Die meisten Sterbefälle heute entsprechen nicht dem, was wir häufig als «guten» Tod bezeichnen – etwa mit Kontrolle über den eigenen Körper und Geist, und wenig Pflegebedarf. Das zeigt die neue Studie von Marcus Ebeling, Demograf am Max-Planck-Institut für demografische Forschung (MPIDR) in Rostock und seinen beiden Kolleginnen vom Karolinska Institut in Stockholm.
Verlängerter Sterbeprozess?
«Unsere Ergebnisse legen die Hypothese nahe, dass die steigende Lebenserwartung gerade in höheren Altersstufen teilweise auf einen verlängerten Sterbeprozess zurückzuführen ist», sagt Ebeling. Der Frage gehen Demografen weltweit schon seit Jahrzehnten nach, ob die steigende Lebenserwartung auch mehr Lebensjahre in guter Gesundheit oder doch eher längere Krankheitsphasen bringt. Die vorliegende Studie ist ein Beitrag zu diesem Diskurs.
Mit ihrem neuartigen Studiendesign untersuchten die Forscher erstmals das letzte Lebensjahr aller Todesfälle zwischen 2018 und 2020 von Menschen über 70 in Schweden. Das Team identifizierte sechs verschiedene Typen von Verläufen bis zum Tod, je nachdem, ob und wie viel medizinische Versorgung und Altenpflege im letzten Lebensjahr benötigt wurde.

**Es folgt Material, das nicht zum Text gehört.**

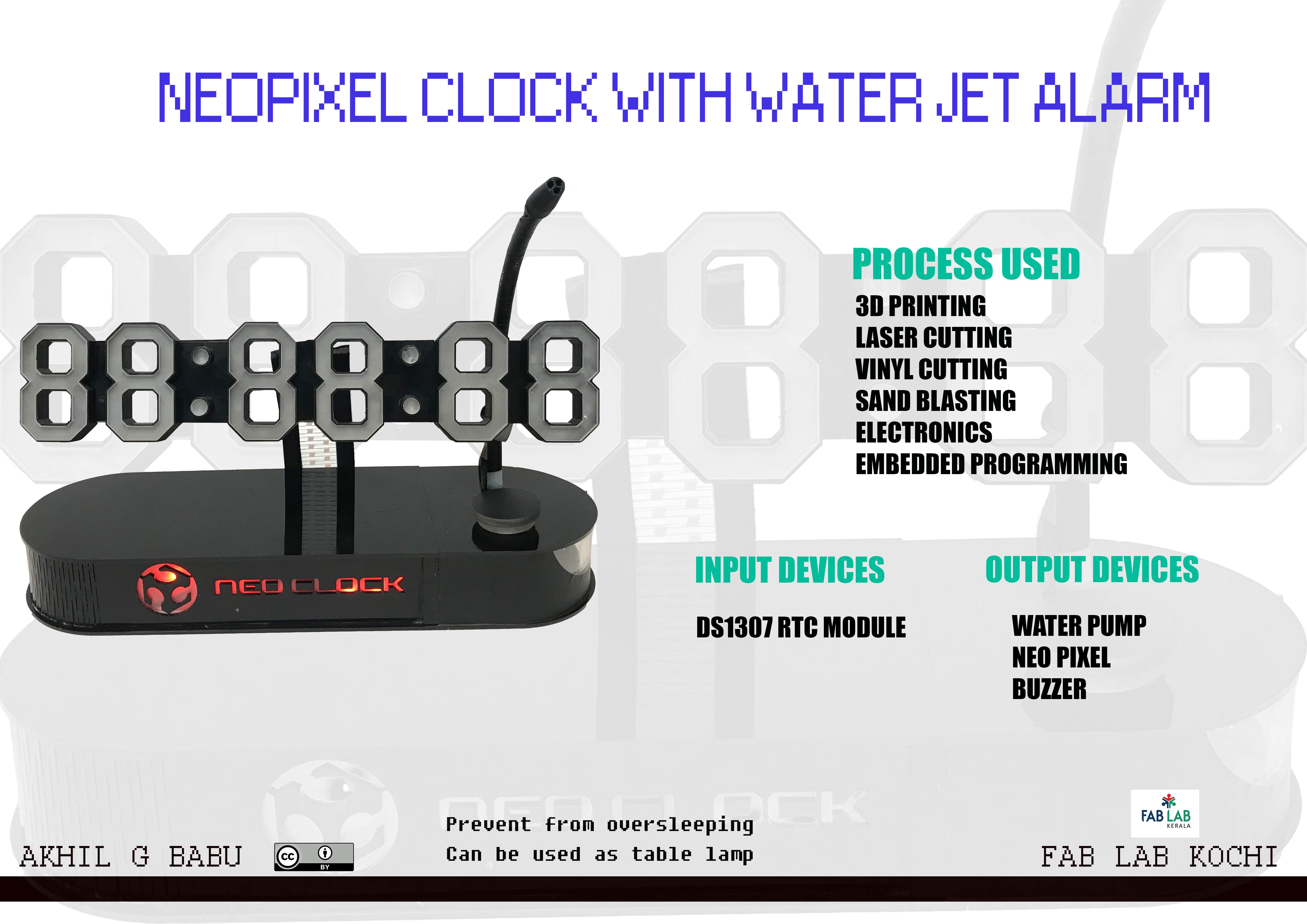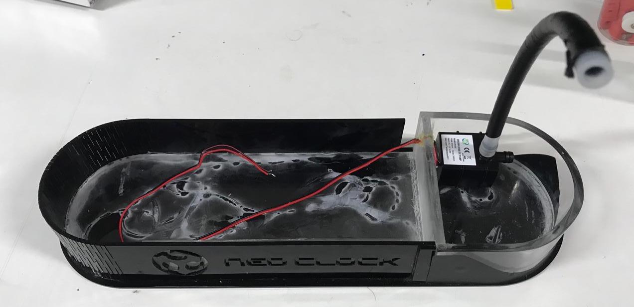 Neo clock is a water spray alarm clock which comprises an alarm clock body made using acrylic and 3d print, a water reservoir, a water spray nozzle, a water spray pump water pipe, a control circuit board.Tthe control circuit board is used for controlling, when the alarm clock alarms for one minute, but the stop button is not pressed down in the mobile app, the water spray device sprays water through the water spray pipe, so a user is awakened from a sleeping state, and is prevented from oversleeping.

«Unsere Ergebnisse zeigen, dass die meisten älteren Menschen in Schweden im letzten Lebensjahr in Langzeitpflege sind», sagt Marcus Ebeling. Zudem erkennen die Forscher nach der Datenauswertung, dass sich Verläufe mit besonders hohem Pflege- und Versorgungsbedarfs vor allem bei Todesfällen über 83 (derzeitige durchschnittliche Lebenserwartung in Schweden) häufen. Wie die Forscher anmerken, sind gerade diese Sterbeverlaufsarten vermutlich teuer für das Gesundheitssystem.
Erste Studie mit Aussagekraft für die gesamte Bevölkerung
«Soweit wir wissen, ist unsere Studie eine der ersten mit einer umfassenden Datenbasis aller Sterbefälle über 70 Jahre, die zeigt, unter welchen Umständen die Menschen sterben», sagt Marcus Ebeling. Bisherige Studien konzentrierten sich vor allem auf bestimmte Teilaspekte der Gesundheitsversorgung vor dem Tod oder des sozialen Umfelds der Sterbenden und stützten sich meist auf kleinere Stichproben von Daten, etwa aus Krankenhäusern oder Hospizen.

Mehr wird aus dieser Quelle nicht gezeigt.